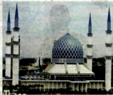
Seramai 1,000 jemaah dibenarkan solat Jumaat di Masjid Salahuddin Abdul Aziz Shah.

"Bagi surau yang mendapat kebenaran solat Jumaat, seramai
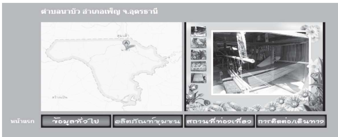
ภาพที่ 2 หน้าเว็บไซต์ตำบลนาบัว อำเภอเพ็ญ จ.อุดรธานี

การใช้งานเว็บไซต์ด้วย โดยเสียงเพลงที่เลือกใช้คือ เสียงเพลงบรรเลงด้วยเสียงดนตรีอีสานหลากหลายเพลงมาประกอบรวมกันในจังหวะดนตรีสนุกสนาน ทั้งนี้เพื่อผู้เข้าชมเว็บไซต์ได้เกิดความสุขความผ่อนคลายกับเสียงเพลงบรรเลงดังกล่าว และหากคลิกเลือกชื่อดําบลใดก็จะนำเสนอข้อมูลของดําบลนั้นในหน้าเว็บไซต์ใหม่ และจากการคลิกเลือกชื่อดําบลที่นำเสนอไว้ จากหน้าหลักของเว็บไซต์ จะนำเสนอข้อมูลของดําบลนั้นในหน้าเว็บไซต์หน้าใหม่ ดังภาพที่ 2-5
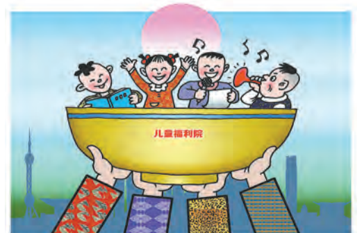
托起明天的希望(漫画) 顾培利 作
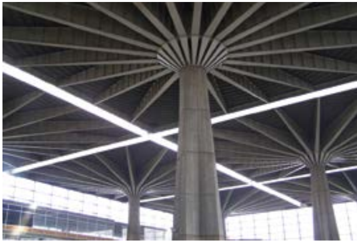
^ Дом Труда в Турине. Архитектор П. Л. Нерви, 1961
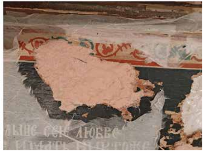
Сл.6 – Поставување на точната локација на отпаднатите делови врз подлога од дрвен кит

вање на лепилото (Сл.6). По сушењето на слојот од дрвен кит, на истите места беше нанесена белата конзерваторска подлога, а за нејзина нивелација се користеше плутана тапа и жолчка од јајце во раствор од дестилирана вода (1:12). (Сл.7-б). Исто така пополнувани се и контактните граници од фрагментите, како и местата на отпадната подлога од иконописот и деловите од големиот рам.
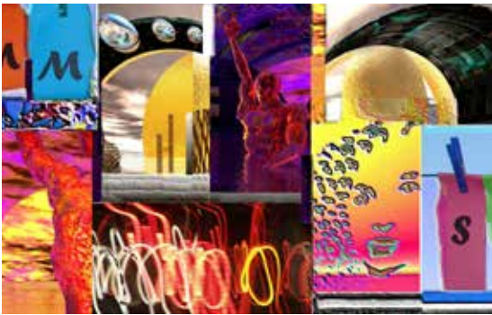
Bild: Völkerverbindung Unikat, Digital Art Painting, Plexiglas, 110 x 70 cm

Ausstellungen und Messen weltweit wie Art Miami, Art Shanghai, Art Expo New York, 6th Goyang Festival Seoul sowie „10 Countries Exchange Exhibition of Art Professor“ zum Kulturaustausch Schweiz/Korea - oder Frauenmuseum Bonn und MOCA Museum of Contemporary Art in Beijing.
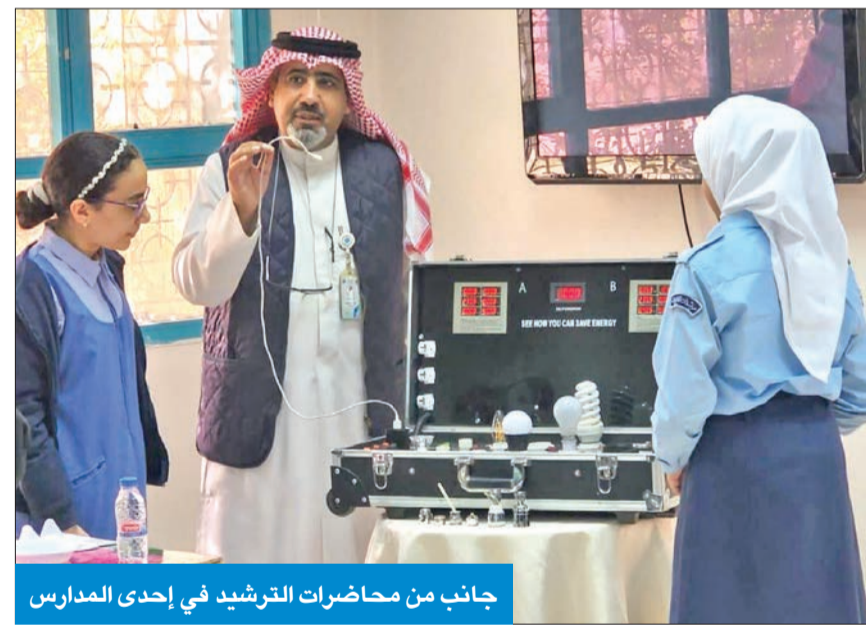
جانب من محاضرات الترشيد في إحدى المدارس

تلك المدارس بمختلف محافظات البلاد. وشكرت الكهرباء وزارة التربية، ممثلة في قطاع التنمية التربوية والأنشطة، على تعاونهم واستقبالهم لفريق الوزارة من أجل تقديم محاضرات ترفقي بالفكر التوعوي لدى طلاب المدارس المستهدفة من تلك الحملات التي تخدم الوزارة.
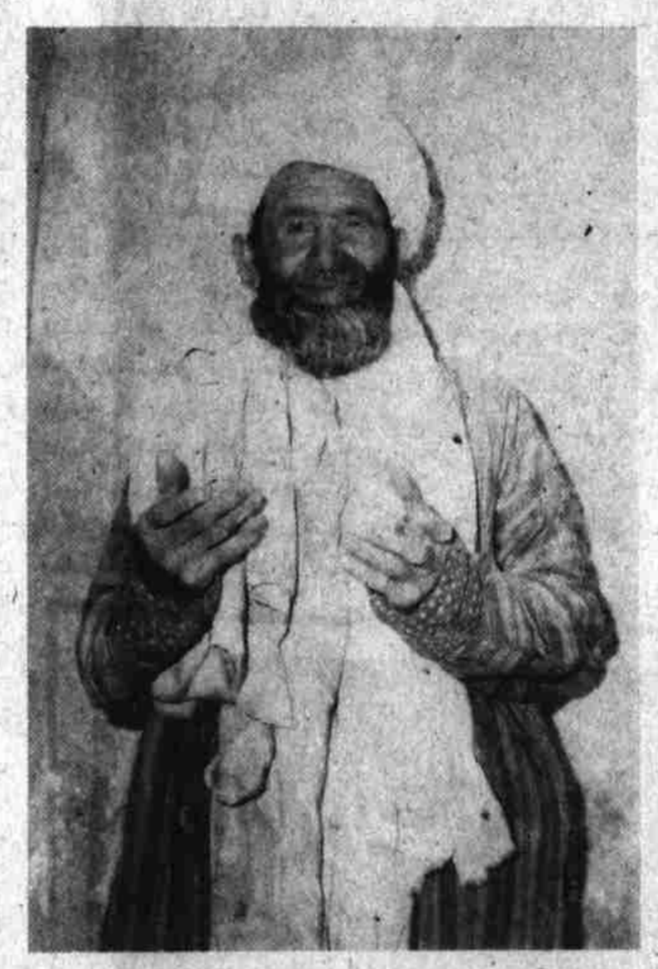
این دهقان میگوید: گذشته از آنکه از نظر جسمی تحت ستم و بهره کشی بودیم از نظر روحی نیز شکنجه می شدیم.

نور یگلسله کشیدگی های سایر زحمتکشان همیشه مورد عمیق طبقاتی بین طبقات ستمگر و ستمکش و لسوالی قیصار موجود بود که در اثر این کشیدگیها دهقانان و
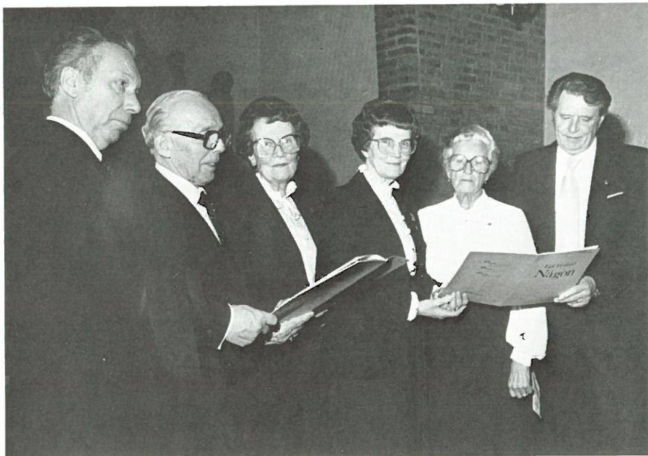
Några av de första medlemmarna i Mössebergs kyrkokör.
- - -
EXERCISE PROMPT
Write out the whole listing exactly. Do not include the pictures.

WRITTEN SOLUTION
Seramai 1,000 jemaah dibenarkan solat Jumaat di Masjid Salahuddin Abdul Aziz Shah.

"Bagi surau yang mendapat kebenaran solat Jumaat, seramai
ภาพที่ 2 หน้าเว็บไซต์ตำบลนาบัว อำเภอเพ็ญ จ.อุดรธานี

การใช้งานเว็บไซต์ด้วย โดยเสียงเพลงที่เลือกใช้คือ เสียงเพลงบรรเลงด้วยเสียงดนตรีอีสานหลากหลายเพลงมาประกอบรวมกันในจังหวะดนตรีสนุกสนาน ทั้งนี้เพื่อผู้เข้าชมเว็บไซต์ได้เกิดความสุขความผ่อนคลายกับเสียงเพลงบรรเลงดังกล่าว และหากคลิกเลือกชื่อดําบลใดก็จะนำเสนอข้อมูลของดําบลนั้นในหน้าเว็บไซต์ใหม่ และจากการคลิกเลือกชื่อดําบลที่นำเสนอไว้ จากหน้าหลักของเว็บไซต์ จะนำเสนอข้อมูลของดําบลนั้นในหน้าเว็บไซต์หน้าใหม่ ดังภาพที่ 2-5
托起明天的希望(漫画) 顾培利 作
^ Дом Труда в Турине. Архитектор П. Л. Нерви, 1961
Сл.6 – Поставување на точната локација на отпаднатите делови врз подлога од дрвен кит

вање на лепилото (Сл.6). По сушењето на слојот од дрвен кит, на истите места беше нанесена белата конзерваторска подлога, а за нејзина нивелација се користеше плутана тапа и жолчка од јајце во раствор од дестилирана вода (1:12). (Сл.7-б). Исто така пополнувани се и контактните граници од фрагментите, како и местата на отпадната подлога од иконописот и деловите од големиот рам.
Bild: Völkerverbindung Unikat, Digital Art Painting, Plexiglas, 110 x 70 cm

Ausstellungen und Messen weltweit wie Art Miami, Art Shanghai, Art Expo New York, 6th Goyang Festival Seoul sowie „10 Countries Exchange Exhibition of Art Professor“ zum Kulturaustausch Schweiz/Korea - oder Frauenmuseum Bonn und MOCA Museum of Contemporary Art in Beijing.
جانب من محاضرات الترشيد في إحدى المدارس

تلك المدارس بمختلف محافظات البلاد. وشكرت الكهرباء وزارة التربية، ممثلة في قطاع التنمية التربوية والأنشطة، على تعاونهم واستقبالهم لفريق الوزارة من أجل تقديم محاضرات ترفقي بالفكر التوعوي لدى طلاب المدارس المستهدفة من تلك الحملات التي تخدم الوزارة.
این دهقان میگوید: گذشته از آنکه از نظر جسمی تحت ستم و بهره کشی بودیم از نظر روحی نیز شکنجه می شدیم.

نور یگلسله کشیدگی های سایر زحمتکشان همیشه مورد عمیق طبقاتی بین طبقات ستمگر و ستمکش و لسوالی قیصار موجود بود که در اثر این کشیدگیها دهقانان و
Några av de första medlemmarna i Mössebergs kyrkokör.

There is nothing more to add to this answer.